This post was originally featured on HIStalk.
…those who tell computers what to do, and those who’re told by computers what to do." - Marc Andreesen, Andreesen Horrowitz.
I have a lot of favorite VC quotes. This one is without a doubt the most profound.
Every modern EHR already supports task lists, messaging, push notifications, and alerts. Medical professionals — doctors, nurses, technicians, therapists, etc. — are logging into EHRs to see which patients they need to treat, where to go, and what to do. Most medical professionals spend hours looking to a computer to know what to do next. The computer guides them through their day.
The vast majority of medical professionals fall into the latter camp of Andreesen’s quote. This was true in the analog era, too. Schedules, sticky notes, and charts drove what and when medical professionals did things instead of computers.
Looked at under another light, doctors, especially surgeons, are revered for how many years they’ve been practicing and how many of a given procedure they’ve done. More broadly speaking, people who fall into the latter camp of Andreesen’s quote are people who repeat processes and steps for a living. I can’t find any statistics on this, but I don’t think it’s unreasonable to assert that 80 to 90 percent of the workforce performs an intrinsically repetitive job. Perhaps 10 to 20 percent are in management and creative functions.
The quote also implies that clinical informatics will become the single most important medical discipline. Clinical informatics is also the newest medical discipline. In fact, it’s so new that no one is even officially certified in it yet. The first tests are this October. It’s an awfully bold claim to suggest that a not-widely understood, not-yet-available, what-will-be niche discipline will be the most "important." Let’s consider why that might be the case, though:
- The clinical informaticists who select, customize, integrate, and roll out large-scale, intertwined health IT systems are making thousands of decisions on behalf of their users. Their decisions will help or hinder every employee’s actions and behaviors all day, every day. When companies, organizations, or systems fail, it’s because the managers failed, not the soldiers.
- Building on top of the first argument above, medicine has traditionally been an individualistic practice. There weren’t “doctor managers”. Medical department heads don’t “manage” their “subordinate” doctors in the same way that white collar managers manage their employees. Clinical informaticists are analogous to traditional managers.

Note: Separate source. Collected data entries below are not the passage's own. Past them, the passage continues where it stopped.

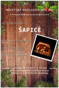 Naime, ovo kazalište predstavit će se berlinskim Hrvatima, djeci i njihovim roditeljima, predstavom naslova “Šapice”, u nedjelju, 10. prosinca u 13 sati i dvorani Hrvatske katoličke misije Berlin, na adresi: Feldstr. 4, 13355 Berlin.
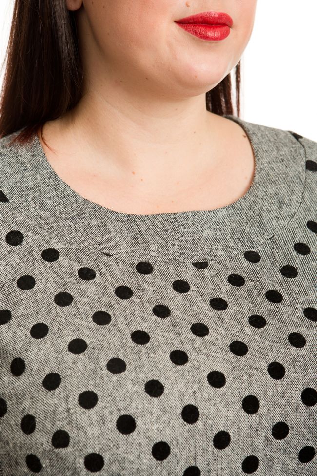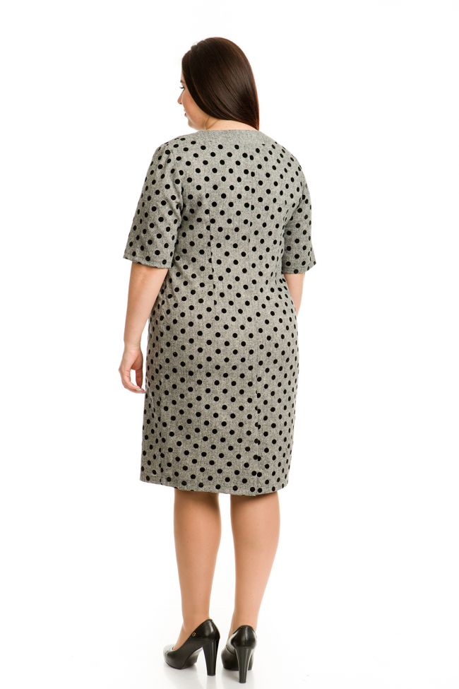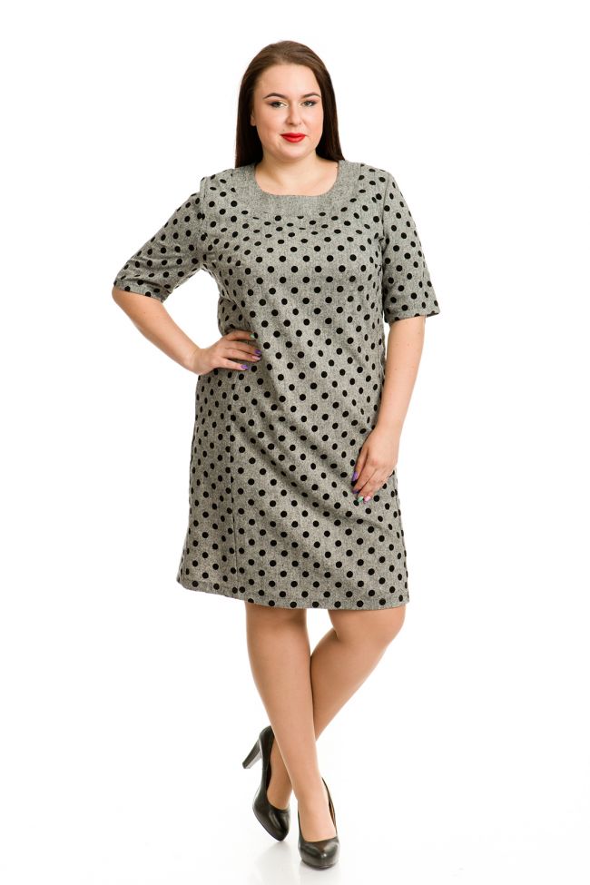 серый Деловое платье полуприлегающего  силуэта из полушерстяной ткани с бархатным принтом. Круглый вырез горловины  обработан обтачкой из ткани компаньона - однотон. Перед с вертикальными рельефами и вытачкой по груди. Спинка разрезная, для свободы движений в шве  расположена шлица. Укороченный втачной рукав. Низ ровный.  Отличный вариант для дополнения Вашего офисного или повседневного гардероба.
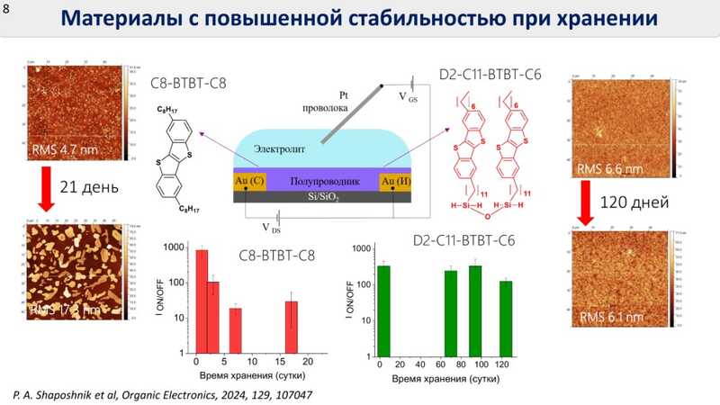 В качестве полупроводников ученые используют аннелированные сопряженные системы, малые молекулы или полимеры. Наиболее перспективное решение — смесь полупроводника с полимерами: такой полупроводниковый слой работает стабильнее и дольше.
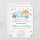Este convite apresenta folhas de outono bonitas e um caminhão azul cheio de feno e abóboras.
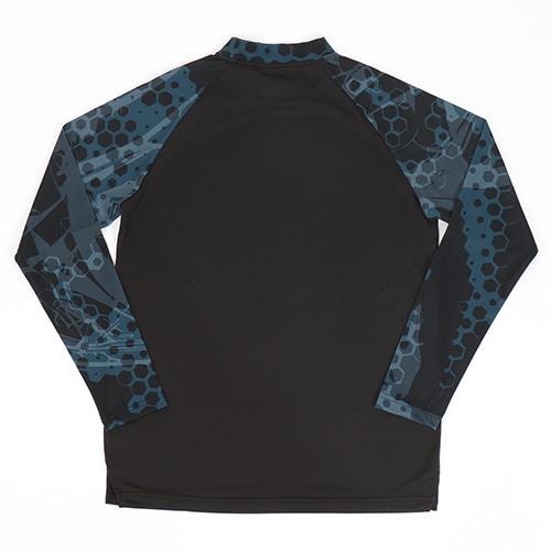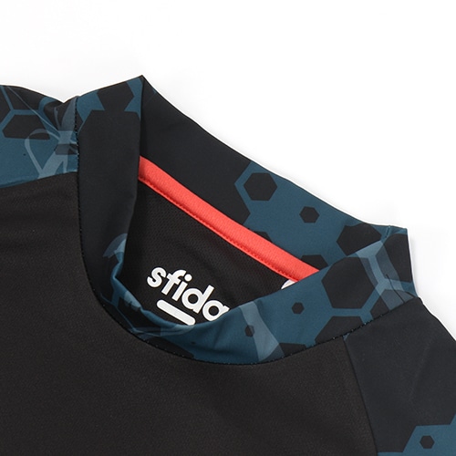 ウォーム感と吸汗・速乾性を兼ね備えた高機能素材と高いストレッチ性を持つスパンデックスジャージーでアウターでもインナーでも着用可能。半袖のプラクティスシャツとのベストコーディネートも実現。前後差を付けたモックネックディティールで適度な保温性を確保。選手に力強さを与えるHEXA DOPE HEARTグラフィック。
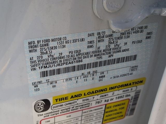 Certified. Oxford White 2023 Ford Expedition XLT 110V/150W AC Power Outlet, 2nd Row Power-Folding Captain's Chairs, 3rd Row Vinyl Head Restraints, 4-Door Intelligent Access (Lock/Unlock), Accent Color Painted Rear Bumper, ActiveX-Trimmed 1st & 2nd Row Seats, Advanced Security Pack, Ambient Lighting, Bright Chrome Plated Accent Platform Running Boards, Equipment Group 202A High Package, Heated Steering Wheel, Heated/Ventilated Front Seats, Intersection Assist, LED Fog Lamps w/Black Painted Bezel, LED Reflector Headlamps, Panoramic Vista Roof, Power Liftgate, Power Tilt/Telescopic Steering Wheel w/Memory, Power-Adjustable Pedals w/Memory, Power-Folding Sideview Mirrors w/Autofold, Remote Start, SecuriCode Keyless Entry Pad, Sideview Mirrors w/Turn Signal Indicators, Special Edition Package, Vinyl Center Console, Wheels: 20 Bright Machined Aluminum, Wireless Charging Pad.
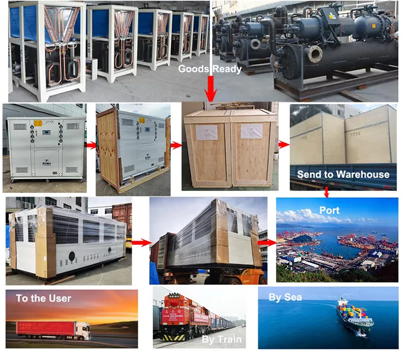 Là nhà cung cấp và xuất khẩu máy làm lạnh nước chuyên nghiệp, chúng tôi có nhà giao nhận vận chuyển riêng để sắp xếp lô hàng. Máy làm lạnh của chúng tôi được đóng gói bằng gỗ dán, giúp ngăn ngừa hư hỏng trong quá trình vận chuyển và đáp ứng các tiêu chuẩn xuất khẩu. Có ba cách để giao thiết bị làm lạnh của bạn:
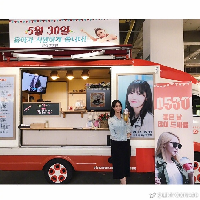 또한 윤아는 팬들이 선물한 푸드 트럭 앞에서 음료수를 들고 인증샷을 남겼다. 윤아는 작은 얼굴로 완벽한 비율을 뽐내 눈길을 끌었다.
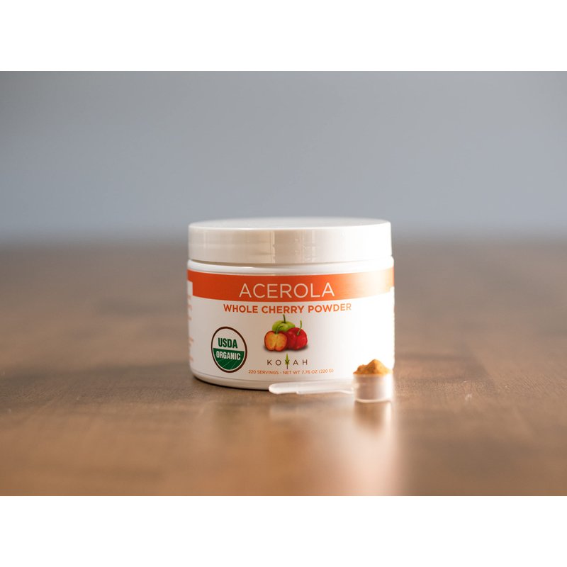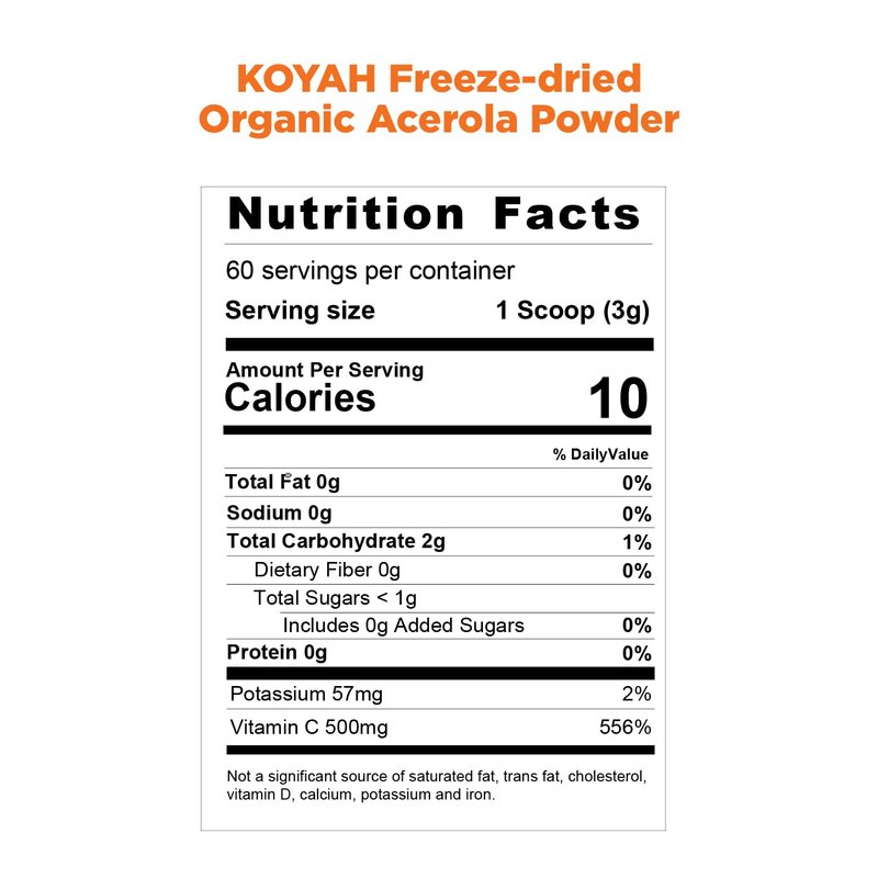KOYAH - Organic Acerola Powder: Freeze-Dried, 100% Pure, 500 mg Natural Vitamin C per Scoop, Whole-Food, Non-GMO, Vegan, 60 Servings, Made from acerola Cherries Grown in Brazil
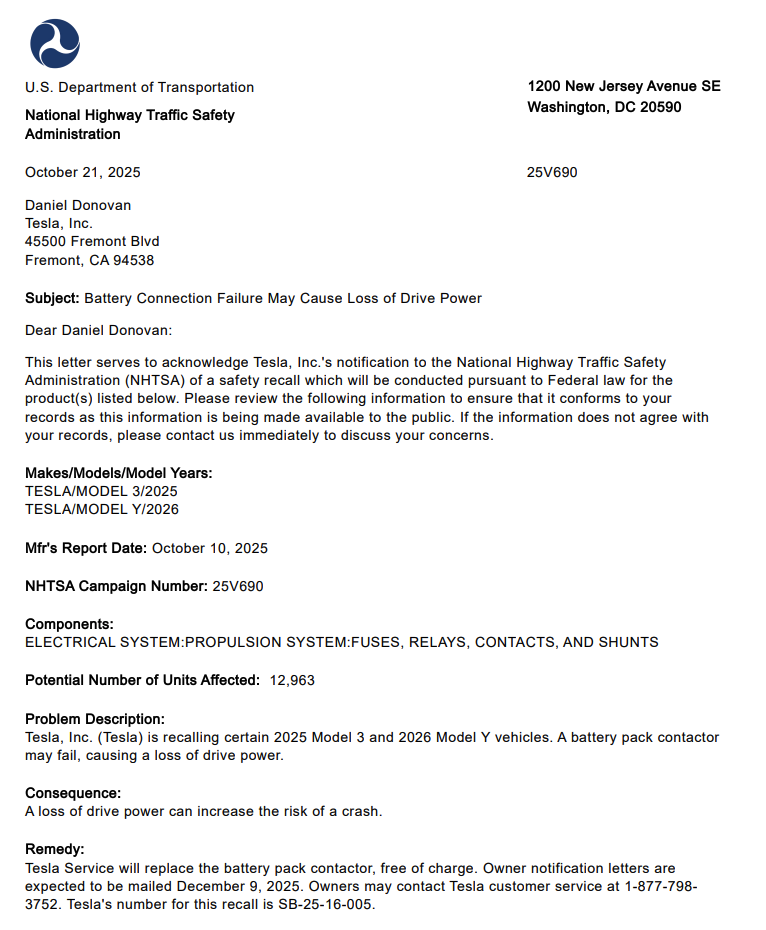 ▲ NHTSA 發布的召回通報原文。(Source:NHTSA)
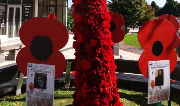 Community groups in Raglan and across the Waikato district are decorating trees with thousands of red knitted poppies in a district-wide ‘yarn bombing’ street
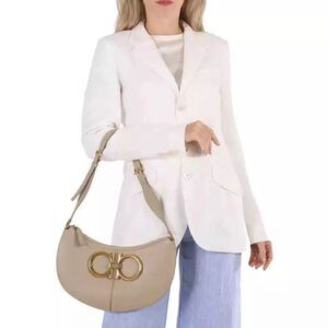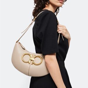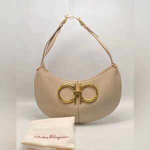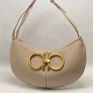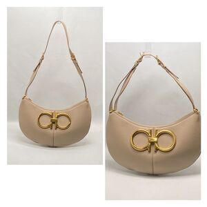 Maxi Gancio Leather Shoulder Bag In Beige Leather With Gold-Tone Hardware And Gancini Detail
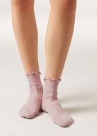 Женские короткие носки из хлопка в рубчик. Бортик в романтичном стиле.
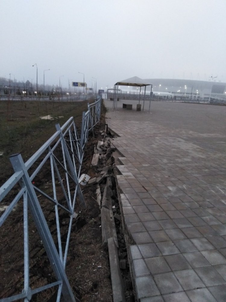 В сети горожане опубликовали ряд снимков, на которых запечатлена полная разруха. Вблизи стадиона развалился забор, местами разрушена плитка, часть которой разрушена, высаженные саженцы деревьев выглядят сухими. Сильный ветер, бушевавший на прошлой неделе, повалил знаки и часть ограды.
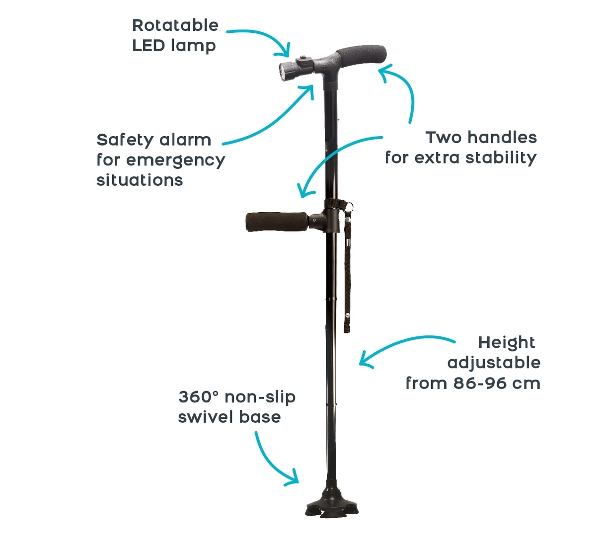 De Clever Cane wandelstok is een slimme wandelstok voor wie extra ondersteuning nodig heeft bij het lopen. Dankzij de stevige driepoot met antislipvoeten staat u stabiel op bijna elk oppervlak. Dit geeft u niet alleen meer zelfvertrouwen, maar ook meer bewegingsvrijheid in en rondom huis. En met de ingebouwde LED-lamp houdt u ook in het donker goed zicht op uw pad.

- Computers aren’t going away. You will use a computer every day until you die. Computers may change forms and shapes, but we will continue to integrate computers into every aspect of our lives, businesses, and medical processes.
- No one user understands the entirety of all of the interrelations between all of the users or systems. To the contrary, most users barely understand most aspects of the parts of system that they’re supposed to know. Every person’s actions affect others directly and indirectly. Mistakes and bad data may flow through two or three people before someone feels the effect further down the line. The design of the interactions between people are extremely important. By definition, good design makes it hard to make mistakes. In medicine, where mistakes can be extremely expensive and deadly, system and organizational designers have the most important job.
Clinical informatics is a growing segment of medicine. I know half a dozen physicians that are eagerly waiting to test in October to become certified. It’s exciting to see the AMA and the federal government recognize the tremendous value these folks bring to the table.
As a former EHR designer, the only problem I have with the scope of the current clinical informatics discipline is that the discipline doesn’t incorporate formal education or training regarding UI design, data visualization, or human computer interaction elements. Clinical informaticists are already designing macro systems and processes. They should be taught and be responsible for designing the micro interactions as well. The macro and micro designs are too related to be disintermediated. Don’t leave design to the programmers. They’ve been designing clinical screens for 30 years and we know how that turned out.
Thank you to all of the clinical informaticists out there who are pioneering the discipline. I must also extend a special thank you to the incredible CIOs and CMIOs of the AMDIS listserv. I’ve learned more about informatics by reading that list serve than anyone could ever learn from reading a book about informatics.